GeForce and Tesla cards are going strong

May 14, 2010 08:40 GMT  ·  By

The history of Fermi development and mass production is one littered with news, rumors and reports of delays, yield problems and limited availability. Before it finally managed to make its DirectX 11-capable cards available, NVIDA did not only delay them repeatedly, but it even decided to cut down on the number of CUDA cores, because TSMC's 40nm yields were weak. Now, in a surprising move, during the latest conference call, NVIDIA's CEO claimed that, despite all odds, shipments of Fermi graphics adapters numbered in the hundreds of thousands.

Analysts had estimated very poor chip yields, between 20% and 30% to be exact, and this had the consumer base believing that the Santa Clara GPU maker was still having trouble ensuring widespread availability of the GeForce GTX 400 Series and Tesla C2050. Furthermore, the scarcity and high prices of the GTX 470 and GTX 480 did little to discourage this impression. Nevertheless, the company's financial performance during the first quarter seems to support the claims that shipments are going well.

Total revenue for the first three months of fiscal year 2011 (ended May 2) was reported to be of $1.0 billion. This is the equivalent of a 51% on-year increase (from $664.2 million) and a 2% rise compared with the previous fiscal quarter.
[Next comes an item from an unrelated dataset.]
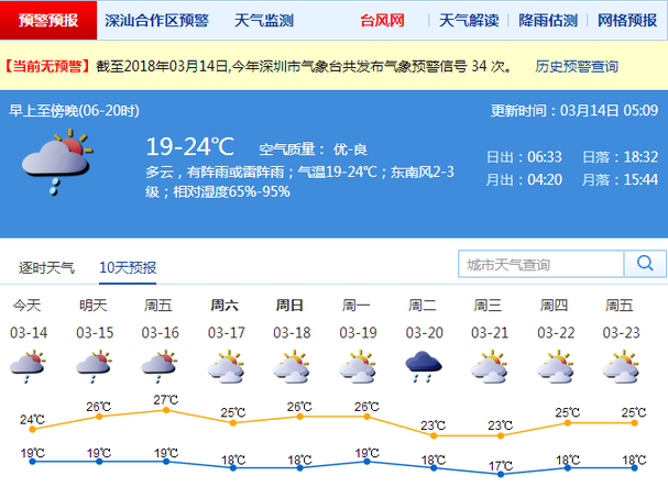深圳新聞網(wǎng)3月14日訊(記者 何暢)深圳市氣象臺3月14日05:09發(fā)布,14-15日多云有陣雨或雷陣雨;16日陣雨轉(zhuǎn)多云,沿海有霧;17-18日多云;19日多云轉(zhuǎn)分散陣雨。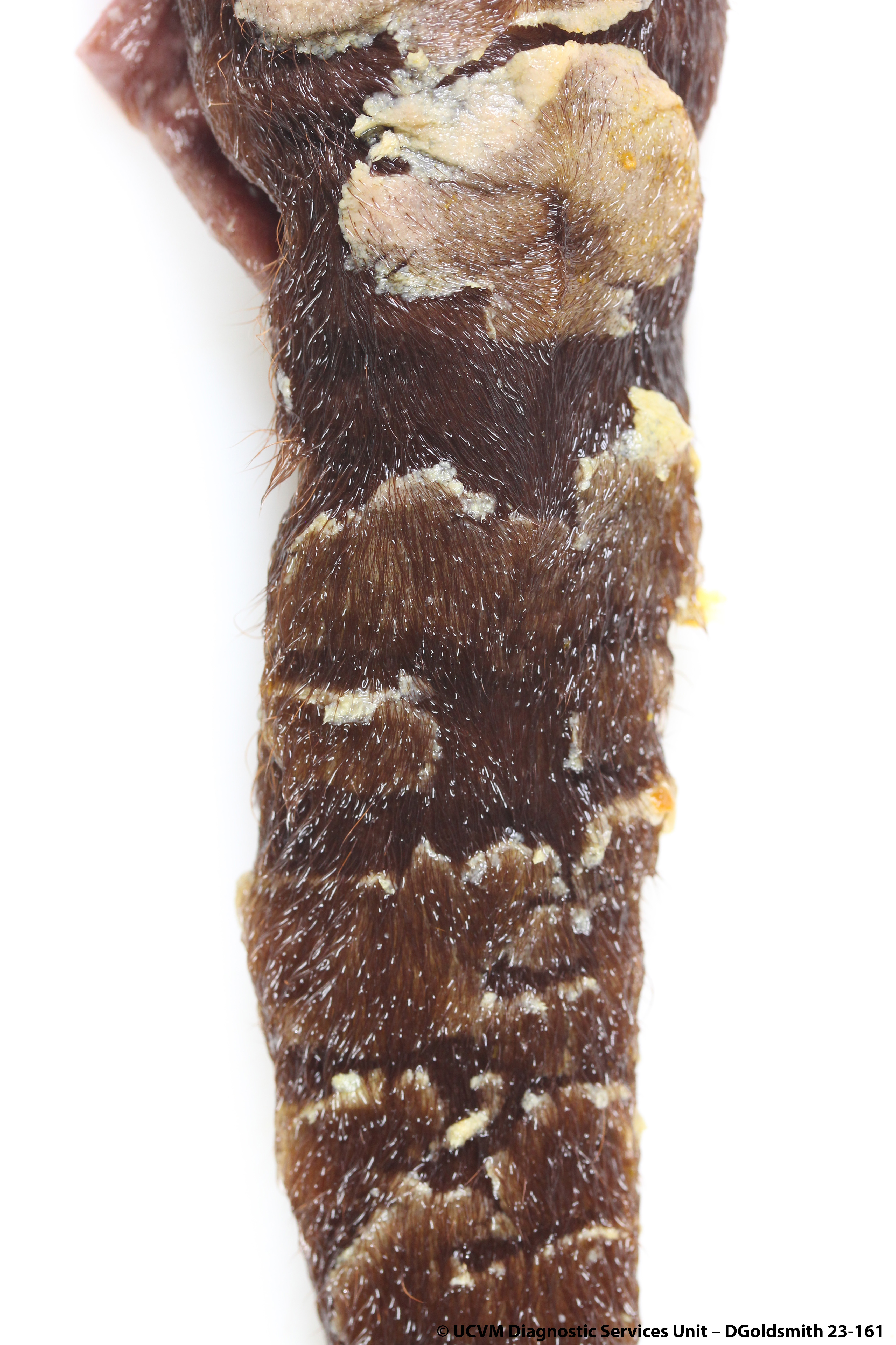 Shown: Multifocal pyogranulomatous dermatitis, fungal abortion

At the very least, this shows that the graphics-solution developer managed to perform a great deal better than a year ago.

“With our new Fermi-class GPUs in full production, Nvidia's key profit drivers are fully engaged. We shipped a few hundred thousand Fermi processors into strong consumer demand. Our Quadro business for workstations grew strongly, fueled by pent up demand from enterprise customers and new growth markets like video editing. And we had record revenue from Tesla processors for high-end servers,” Jen-Hsun Huang, chief executive officer of Nvidia, said during the latest quarterly conference call with financial analysts.